### Exercise prompt
Start at the line that contains "Custom Sports Pajama" in the listing below and extract every line through the last, exactly; leave pictures out.

### Given material
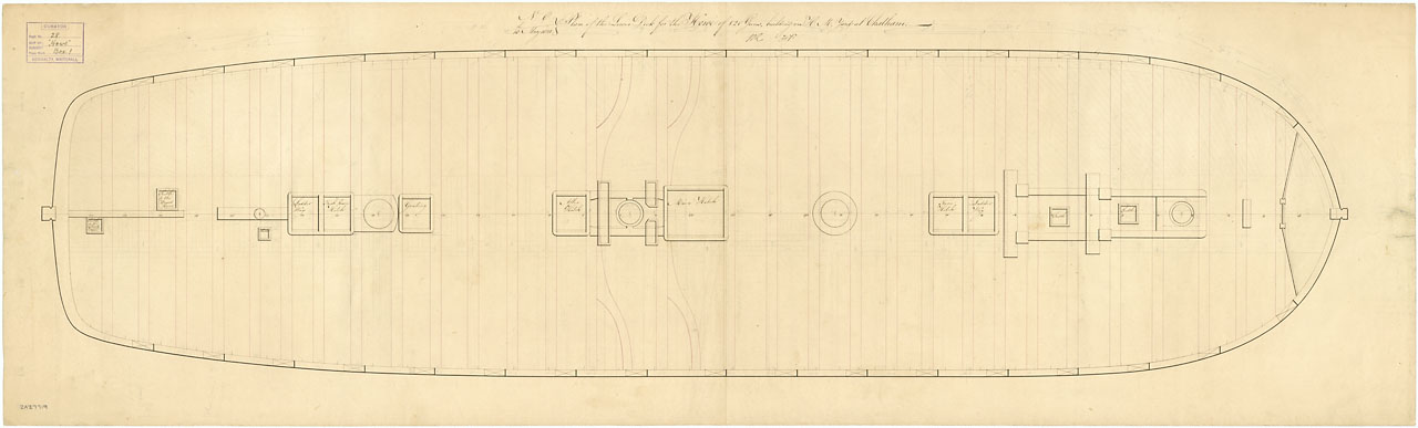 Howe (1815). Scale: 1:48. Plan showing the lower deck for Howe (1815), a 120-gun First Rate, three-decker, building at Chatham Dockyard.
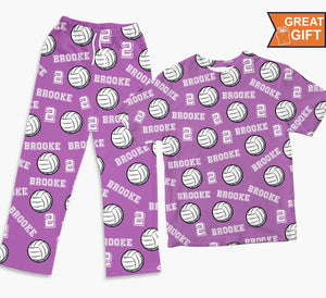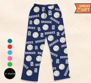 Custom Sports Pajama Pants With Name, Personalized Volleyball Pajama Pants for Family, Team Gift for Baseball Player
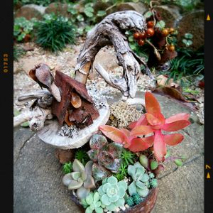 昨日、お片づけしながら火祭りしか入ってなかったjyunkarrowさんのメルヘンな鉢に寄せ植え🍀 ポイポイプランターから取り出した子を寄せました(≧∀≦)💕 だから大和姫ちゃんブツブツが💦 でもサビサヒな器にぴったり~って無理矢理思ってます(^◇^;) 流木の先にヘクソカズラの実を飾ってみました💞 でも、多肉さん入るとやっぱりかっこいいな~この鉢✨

### Expected output
 Custom Sports Pajama Pants With Name, Personalized Volleyball Pajama Pants for Family, Team Gift for Baseball Player
 昨日、お片づけしながら火祭りしか入ってなかったjyunkarrowさんのメルヘンな鉢に寄せ植え🍀 ポイポイプランターから取り出した子を寄せました(≧∀≦)💕 だから大和姫ちゃんブツブツが💦 でもサビサヒな器にぴったり~って無理矢理思ってます(^◇^;) 流木の先にヘクソカズラの実を飾ってみました💞 でも、多肉さん入るとやっぱりかっこいいな~この鉢✨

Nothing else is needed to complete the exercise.